For once I didn’t wake with what felt like the world on my shoulders. For the first time in a long time, I was excited about the day ahead. I was awake with the birds had already showered and was currently sitting on the porch watching the sun rise.
I did plan to go for a run, but the weather wasn’t great. It wasn’t raining but the sky didn’t look promising, and I didn’t want to chance it. I finished what was in my cup before heading back inside.
Jake was still asleep, but I know he didn’t get in until late. After he dropped me home, he went back out to do the night patrol with Rocco. Speaking of Rocco night patrol is all he seemed to do.
Maybe he preferred it? I don’t know. Sighing I washed out my cup leaving it to dry on the dish rack. I was excited about tonight but a little nervous to. I had never patrolled through the night before.
Come to think of it I’d never patrolled at all.
What if something went wrong?
No, nope. I was not going to do that today. I wasn’t going to overthink something that hadn’t happened yet. I was going to show Jake and everyone else that I could do this and that I was capable.
By the time he woke I made breakfast and by that, I mean I went to the coffee shop and picked up bagels and coffee.
“You make these?”. He grinned.
I shook my head. “Do you remember the last time I tried to make something?”.
A laugh fell from his lips. “It was a great effort though”. Placing a kiss on my forehead his hands found my waist as he gently pulled me towards him. “What have you got planned for today?”.
“I was thinking of dropping by the college”.
“Yeah?”.
I nodded. “Do you think I’m wasting my time?”. I enrolled weeks ago and still hadn’t heard anything.
“No”. He frowned. “I think it’ll be good for you”.
I sat in the car for god knows how long. I didn’t have the courage to go inside. Was being here a mistake? Was it a waste of time? What if I didn’t get accepted?

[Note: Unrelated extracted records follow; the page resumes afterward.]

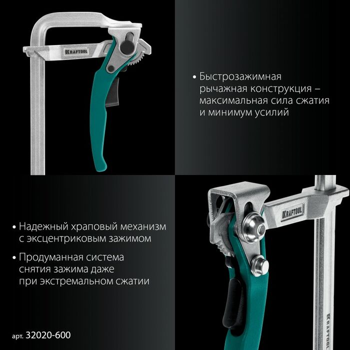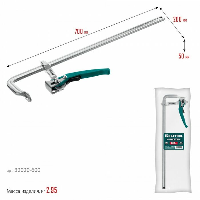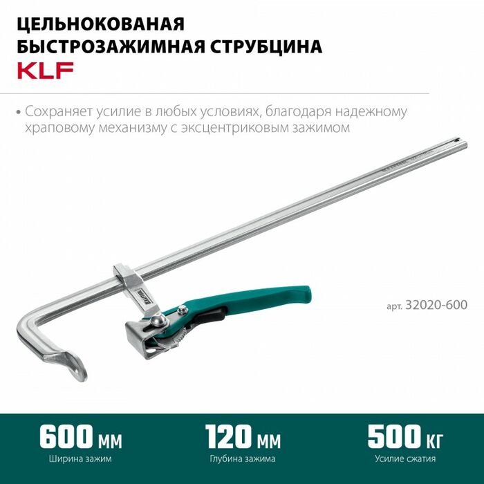 Струбцина быстрозажимная KRAFTOOL KLF-600 600/120 мм [32020-600]
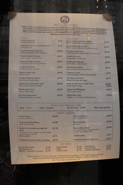 創業1828年の伝統的な英国料理、特にローストビーフが有名なお店です。
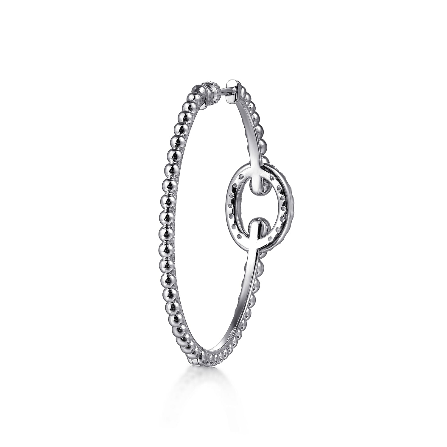 Sterling Silver 40mm White Sapphire Bujukan Hoop Earrings. Features .74cttw of round white sapphires. Designed by Gabriel & Co.
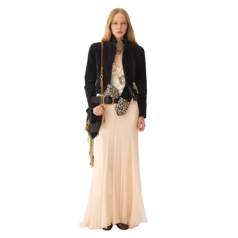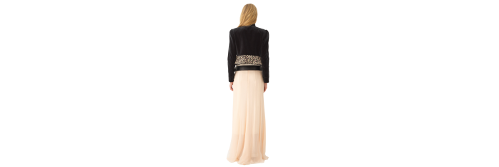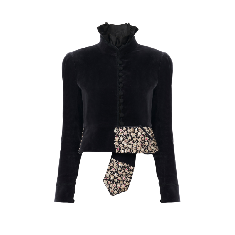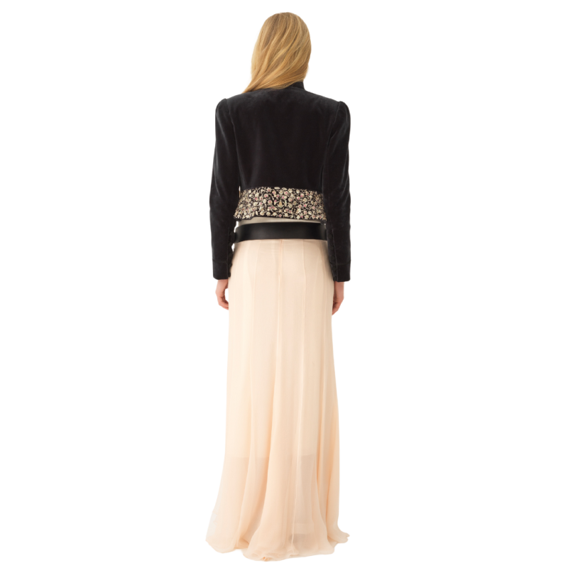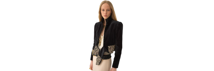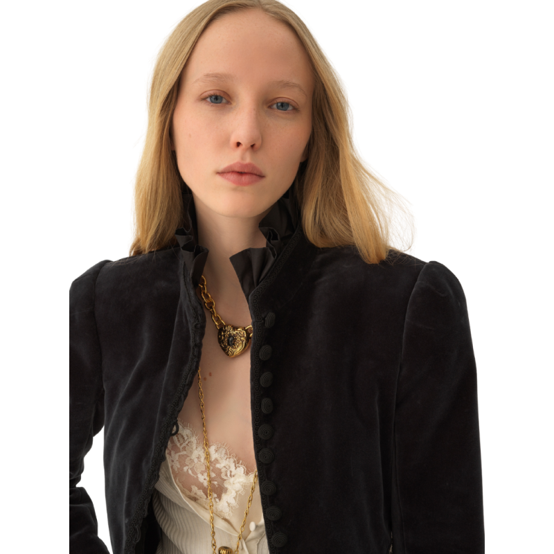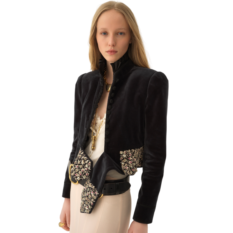 CHLOEVeste spencer col montant volanté coton velours noir broderie perles
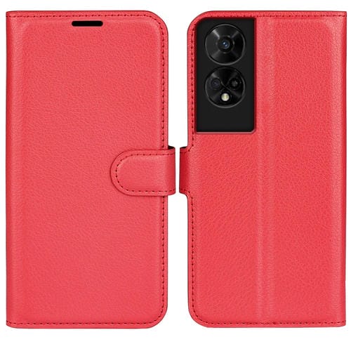 Funda de Cuero para TCL 50 5G con Tapa Horizontal y Textura de Lichi con Soporte (Rojo)

“It’s community college surely everyone gets accepted?”. I muttered.
I swear I was my own worst enemy at times.
I wasn’t going to find out anything from sitting here. Unbuckling my seat belt, I grabbed my purse and got out of the truck. I could do this I had nothing to be nervous about.
Was I even nervous?
The school year hadn’t started yet so I doubt any students would be here. Well unless they had the same idea as me. I stood by the entrance still not sure I wanted to go inside.
Could I really see myself going here?